I've been questioning the cars electrical system/alt because of it... took my old and new alts in and had them properly tested... no issues... My car has had issues data-logging (highly tuned) so I thought noise coming from somewhere... maybe a janky connection or something, as some of the wires in the car are shielded.. 

Then during level setting it reared it's ugly head, I had the RCAs unplugged and I herd it... 

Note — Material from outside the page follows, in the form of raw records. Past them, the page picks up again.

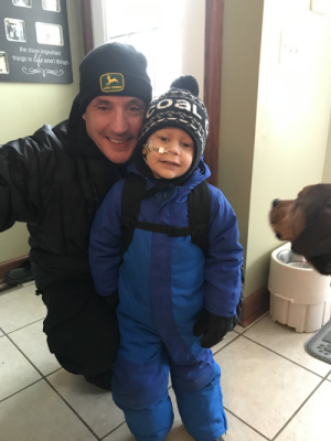 Cade had a blast at home! He got to enjoy the Thanksgiving holiday in his own home, which we were so grateful for. Even better was that he got to be home for the mounds of snow that were dumped on us in Illinois. He had so much fun playing out in the snow running around, riding the sled down our little hill in to the ditch, playing with his cousins. The morning of the snow he wasn’t even going to let his feeding stop him from going outside. We bundled him all up, put the feeding pump in the backpack, and out he went to help daddy snow blow the driveway and play. It was the cutest thing ever. He got to spend a lot of time with Rylan, which was great. We spent one day going through every single toy bin and reorganizing our toys while getting rid of a lot of toys to give to other kids who aren’t as fortunate. It was a long exhausting day, but it always feels so good to be organized. Let’s just hope it lasts! I keep reminding Rylan that he needs to put all his toys back where they live after he’s done. Haha. We also got to put away all of our fall decorations and decorate the house for Christmas, which I love doing. Cades favorite part was the tree. He kept asking when we were going to get it put up to decorate it and telling me I was taking to long. One of his favorite phrases these days. I was so excited when I remembered that I had found a beautiful fake Christmas tree last year on clearance after the holidays. Thank you Target! Otherwise I can honestly say I don’t know that we would have a tree up this year if it had to be a real one. This will be our first year for having a fake tree. I have always been a real tree kind of girl. But it’s such a process and I definitely didn’t have it in me this year to deal with it so it would have been up to Chris. Who I also don’t think had it in him by the excitement I got in response to reminding him I had bought the fake tree. Haha.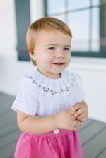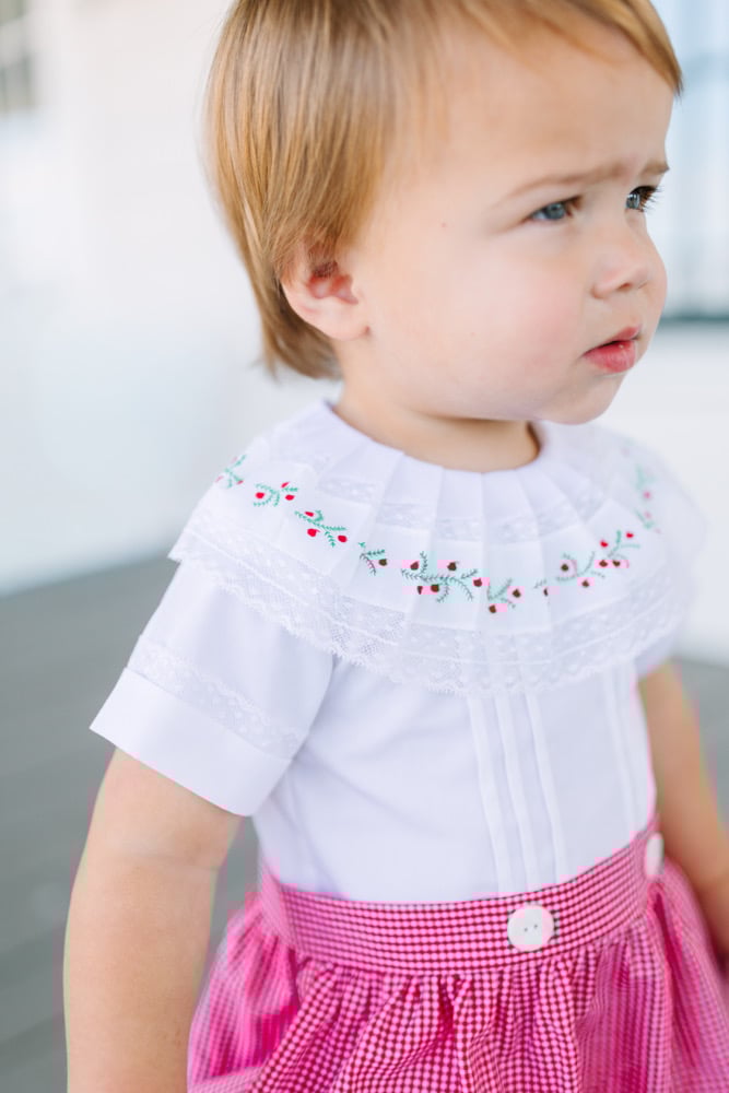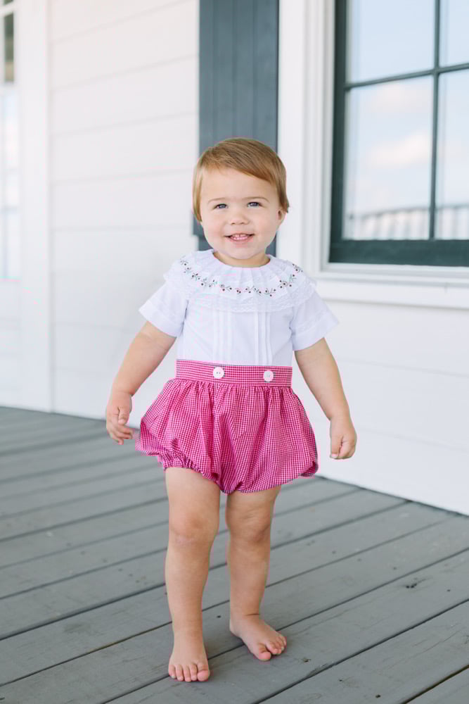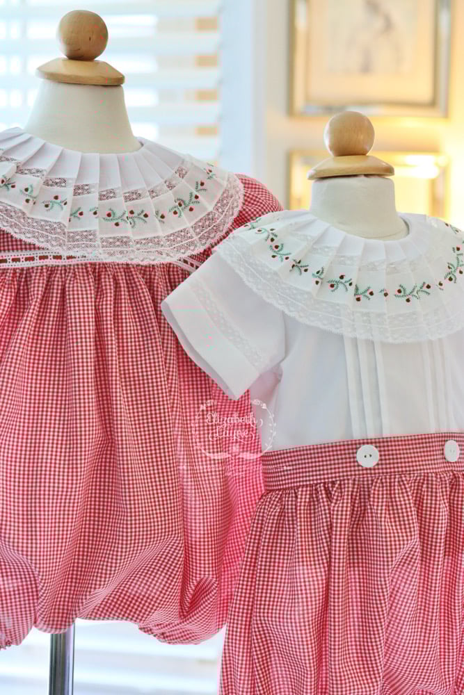 • Crisp white Imperial broadcloth bubble top and big boy shirts features Peter Pan collars piped in gingham and decorative tucks along holly insertion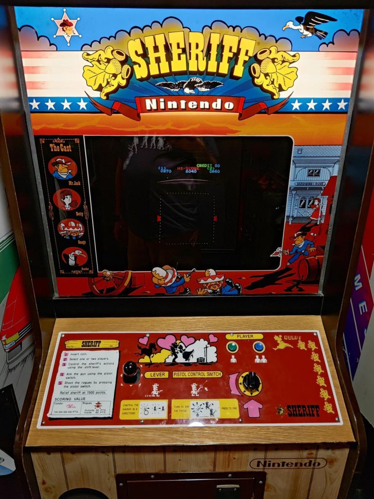 Luckily his dad had connections through friends to Hiroshi Yamauchi, the president of Nintendo, which was still known as a toy and playing card company back in the 1970s but was dabbling in arcade game development at the time. After being impressed by Miyamoto’s toy creations, Yamauchi hired Miyamoto as an apprentice in the Planning Department, but Miyamoto would get to show off his artistic skills when Nintendo tasked him with designing the arcade cabinet for their 1979 arcade game Sheriff, a Western-themed shooter game designed by Genyo Takeda.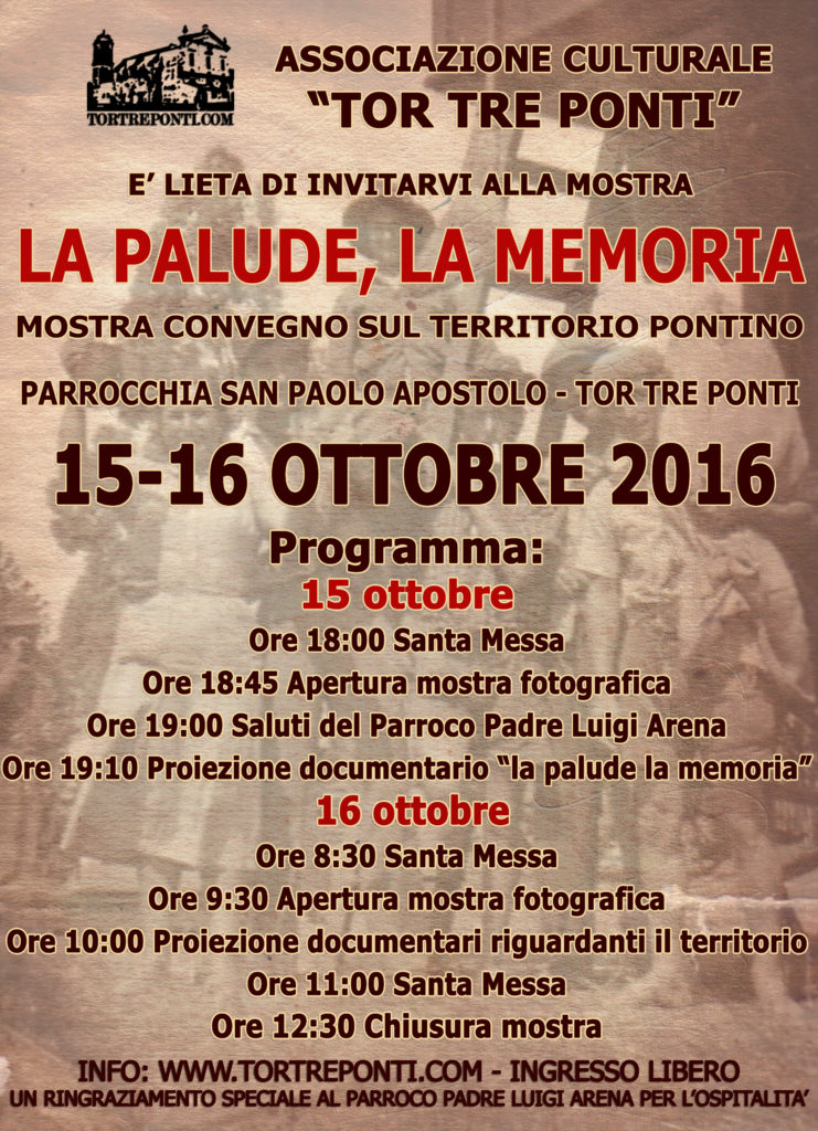 L’appuntamento è per sabato 15 e domenica 16 ottobre, presso il salone parrocchiale della chiesa di San Paolo Apostolo a Tor tre Ponti, dove l’associazione culturale Tor tre Ponti promuove la mostra “La palude, la memoria, ricordi e accadimenti dalla bonifica ad oggi”. Uno spaccato della storia del territorio pontino realizzato grazie alla raccolta nel tempo di numerose testimonianze e documenti fotografici in grado di ricostruire la quotidianità di una comunità alle prese con un territorio da bonificare.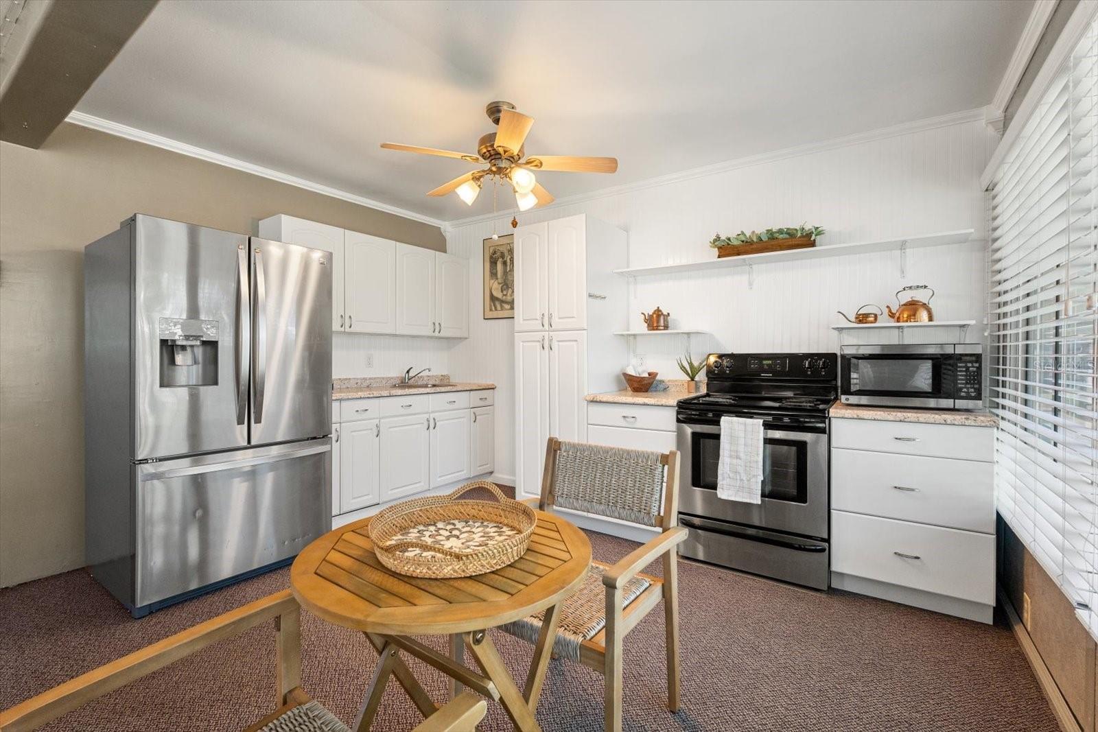 - Cooktop, Dishwasher, Dryer, Electric Water Heater, Microwave, Range, Refrigerator, Washer

Up to that point I had never herd anything with the RCAs unplugged.. but maybe I wasn't up front at the time..


----------



## diynube (Feb 27, 2011)

Aaron'z 2.5RS/WRX said:


> I have/had been chasing my tail trying to find my noise issues... I thought I had the same/similar problem... Was totally random and I couldn't do anything to reproduce it...
> 
> I've been questioning the cars electrical system/alt because of it... took my old and new alts in and had them properly tested... no issues... My car has had issues data-logging (highly tuned) so I thought noise coming from somewhere... maybe a janky connection or something, as some of the wires in the car are shielded..
> 
> ...


You are saying it was the amp, right? I measured my high-output alternator with my Fluke 77 Series II and found there was moderate RMS "ripple", 0.015V. The thing is it measures the same amount whether I was getting the noise or not. I'll have to do some more measurements at different RPMs just for the sake of science, but I'm confident the amp is the culprit in my case.


----------



## chad (Jun 30, 2005)

Geiger counter.


----------



## Richv72 (May 11, 2012)

cant you just disconnect it from the wire you are using and test it right at the amp to verify if it is the wire or not?


----------



## Aaron'z 2.5RS/WRX (Oct 24, 2007)

diynube said:


> You are saying it was the amp, right? I measured my high-output alternator with my Fluke 77 Series II and found there was moderate RMS "ripple", 0.015V. The thing is it measures the same amount whether I was getting the noise or not. I'll have to do some more measurements at different RPMs just for the sake of science, but I'm confident the amp is the culprit in my case.


 
Yes... It could totally NOT be your alt is what I'm saying... 


Try a quick set of speaker wires routed a different way maybe? Set a silly coax on your dash, with speaker wire running up the middle, see if THEY do it... 

If so, you know, if not, you know...


----------